I've been having issues with the system powering down under load for a while now and trying to get to the bottom of it once and for all.

I basically have it down to Motherboard, CPU's, or RAM. but I feel like the ram is least likely and the CPU's are pretty unlikely also as I've been able to keep system up for solid 5 days with both CPUs at 100% Load. Below is what I've tried.

PSU
Originally had 2x Lepa G1600 Gold PSU so I replaced with 2 new Seasonic PSUs listed above.

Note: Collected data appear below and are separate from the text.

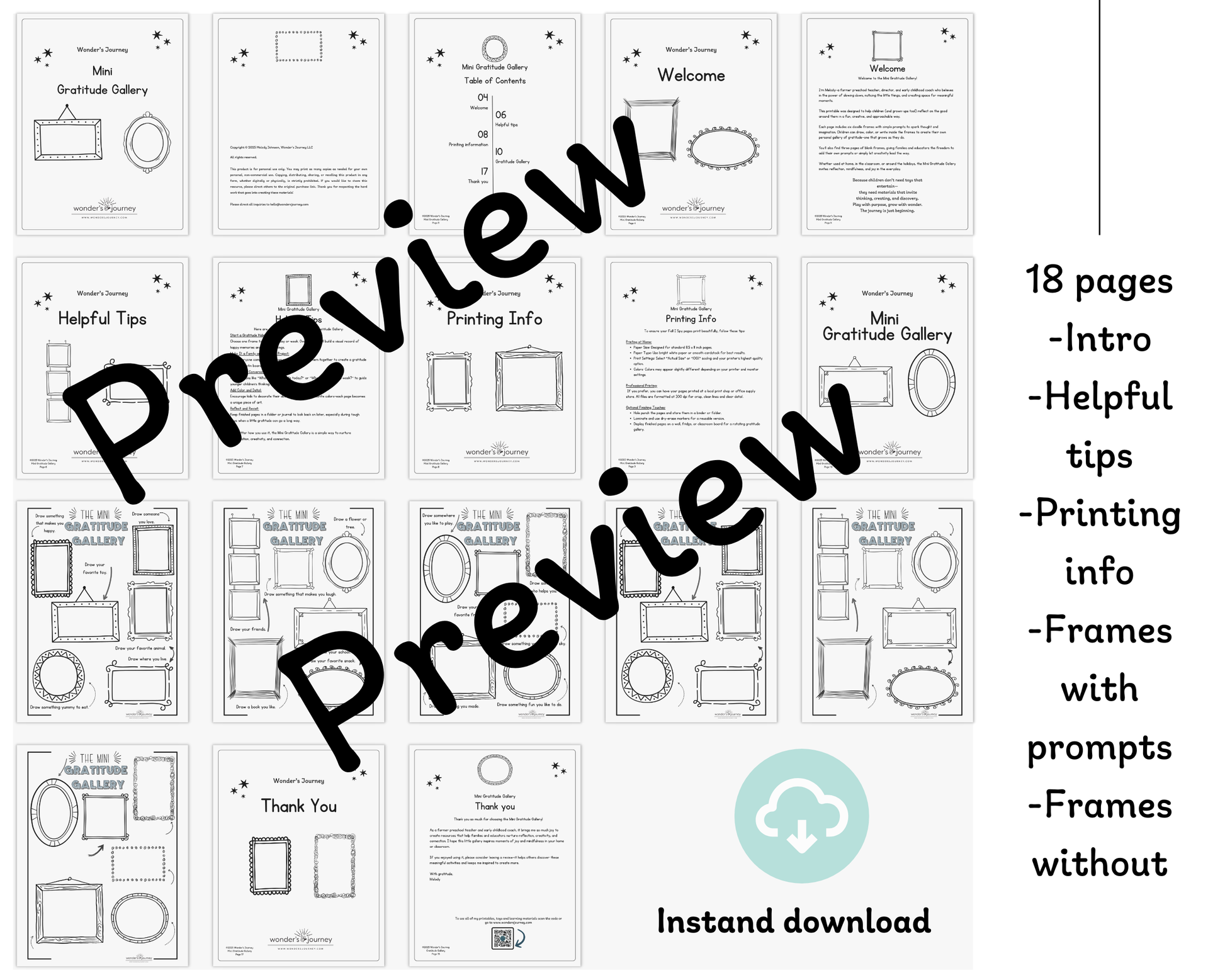 The Mini Gratitude Gallery is a printable activity that helps kids (and grown-ups!) pause, reflect, and express what they’re thankful for. Designed like a mini art museum, each doodle frame invites you to read a gratitude prompt and draw a matching picture — perfect for Thanksgiving or any day you want to slow down and celebrate life’s small joys.
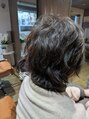 伸ばし中の為、長さは変えずにカラーリタッチして全体的にパーマ、襟足は外ハネて動きを出しました。手ぐしで画像の様な感じに!marbbマーブ+5ステップトリートメントでうるツヤになりました。
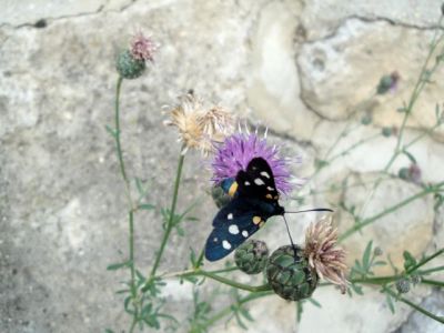 おしゃれなヒトは、またカノコガ?斑点にオレンジが混じっています。
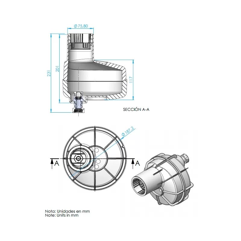 - The niche cable gland is accessible from the circular tube at the front.
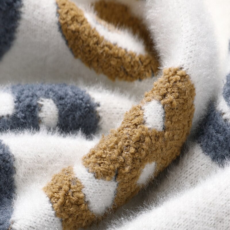 Nous vous recommandons de laver le pull à la machine, à une température maximale de 30 degrés Celsius. Évitez le blanchiment et le repassage à haute température. Pour le séchage, privilégiez un séchage à l’air libre afin de préserver les couleurs éclatantes du pull.

I'm using 4 cables on each psu (2 cables per video card) as recommended for video cards with TDP over 225w.for the pci-e connectors 1 cable splits into 2x 8pin connectors

Surge Protector
Also wanted to rule out the surge protector so get a brand new Tripp Lite LC1800, I've also tried plugged directly into outlet.

video cards
I can boot the system no problems and keep GPU under load with one card installed. I get shutdowns under video load with a second card installed in any combination of 2 pcie slots for the first cpu. 3 or 4 cards installed 50/50 won't let me boot into windows unless safe mode or nvidia drivers uninstalled.

Drivers
I Used DDU to uninstall the nvidia drivers (Display, HD Audio, 3D vision, PhysX). Then I was able to perform a regular boot with all 4 cards in so installed nvidia drivers 388.43 from windows updates restarted and powered off before it got to the welcome screen. Rinsed and repeated with the following driver version and no difference.
390.77
387.92
385.12
381.65

Bios
When I started I had Bios version 5601 installed, so I tried latest version 5802 and no difference, so I tried one version previous 5701 no difference.

harddrive
I ran chkdsk /x /r (I have an HDD for boot since bios takes 30 seconds to post anyways) and it found no errors.

add2psu adapter
I tried a different dual psu adapter and I was about to boot into windows with nvidia drivers installed and got really excited. I could put load on any individual card and it was fine but when I put load on all cards instant shut down.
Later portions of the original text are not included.